**Exercise aim:**
Using the material below, print the line that contains "フロントデザインは標準仕様の", the line that contains "of Radio Svoboda", and every line in between, exactly and nothing else.

**Data shown:**
▬▬▬▬▬▬▬▬▬▬

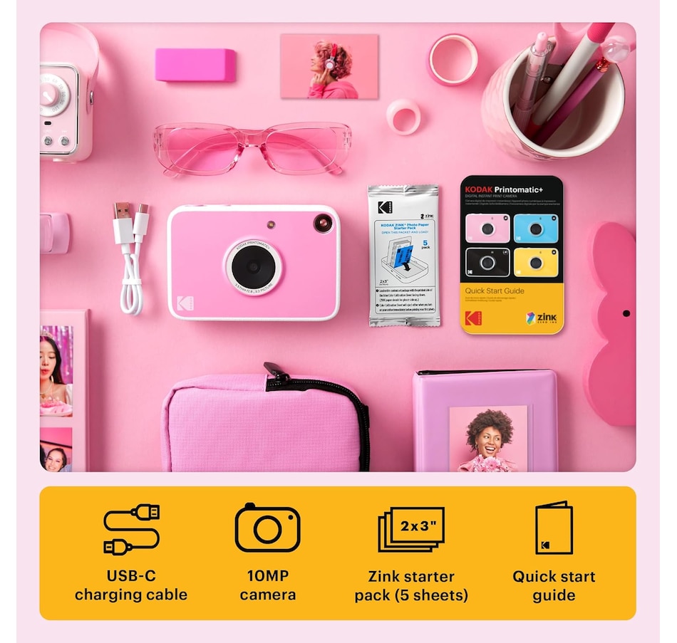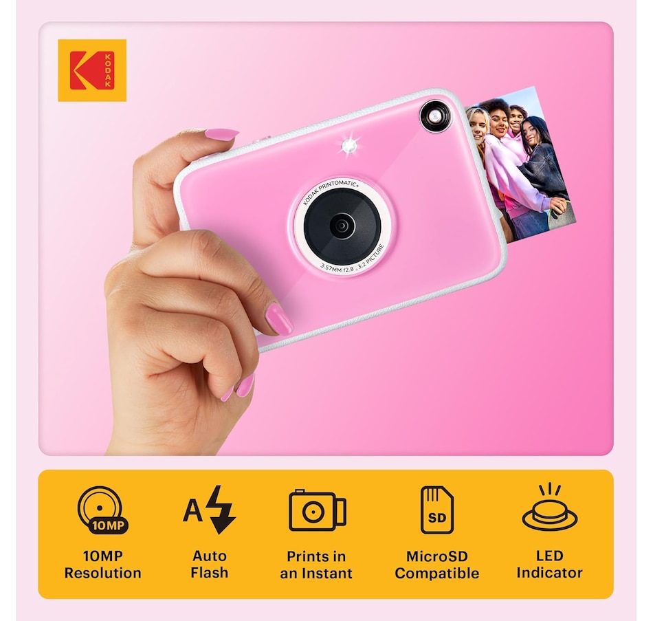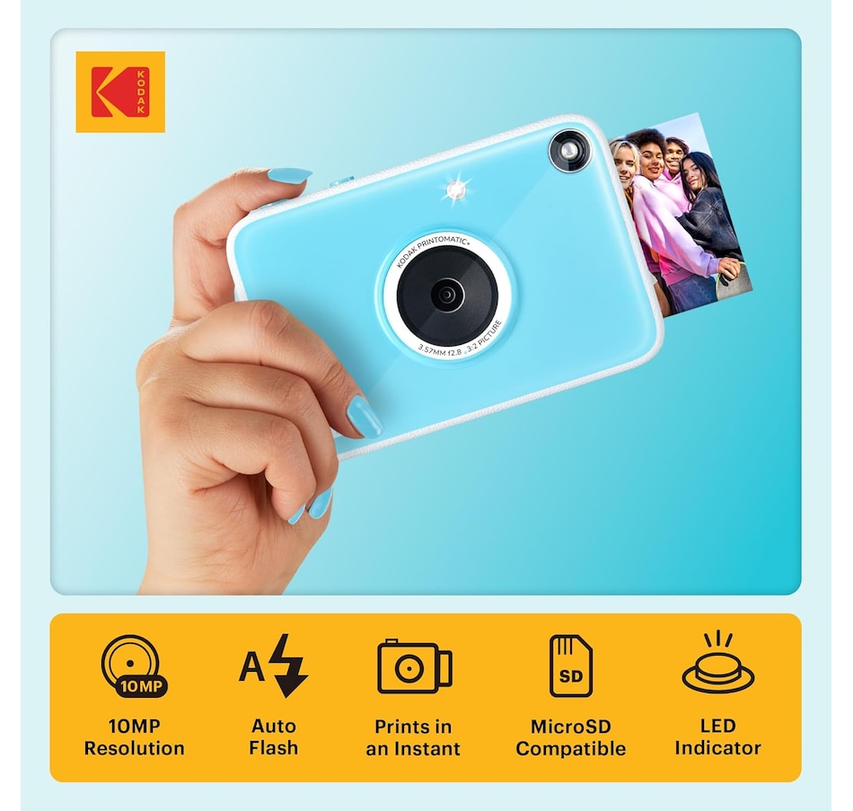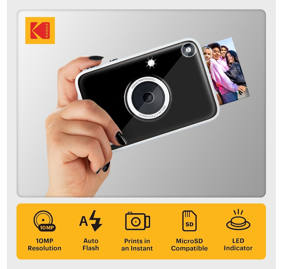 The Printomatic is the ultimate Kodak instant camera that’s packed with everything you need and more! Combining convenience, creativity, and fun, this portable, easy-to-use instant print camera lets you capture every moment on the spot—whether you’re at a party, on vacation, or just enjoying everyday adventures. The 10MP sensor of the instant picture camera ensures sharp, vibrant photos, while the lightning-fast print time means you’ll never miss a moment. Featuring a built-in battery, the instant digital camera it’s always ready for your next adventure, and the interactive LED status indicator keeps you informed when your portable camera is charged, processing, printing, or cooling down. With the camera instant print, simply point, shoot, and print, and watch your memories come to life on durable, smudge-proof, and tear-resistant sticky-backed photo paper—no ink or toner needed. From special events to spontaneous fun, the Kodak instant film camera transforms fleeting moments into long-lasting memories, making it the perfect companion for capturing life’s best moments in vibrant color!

▬▬▬▬▬▬▬▬▬▬

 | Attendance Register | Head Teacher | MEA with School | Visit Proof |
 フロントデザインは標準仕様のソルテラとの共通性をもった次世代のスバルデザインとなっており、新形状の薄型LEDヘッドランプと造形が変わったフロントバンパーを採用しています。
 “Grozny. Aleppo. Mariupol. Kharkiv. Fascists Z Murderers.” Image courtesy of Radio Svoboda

▬▬▬▬▬▬▬▬▬▬

**Task result:**
 フロントデザインは標準仕様のソルテラとの共通性をもった次世代のスバルデザインとなっており、新形状の薄型LEDヘッドランプと造形が変わったフロントバンパーを採用しています。
 “Grozny. Aleppo. Mariupol. Kharkiv. Fascists Z Murderers.” Image courtesy of Radio Svoboda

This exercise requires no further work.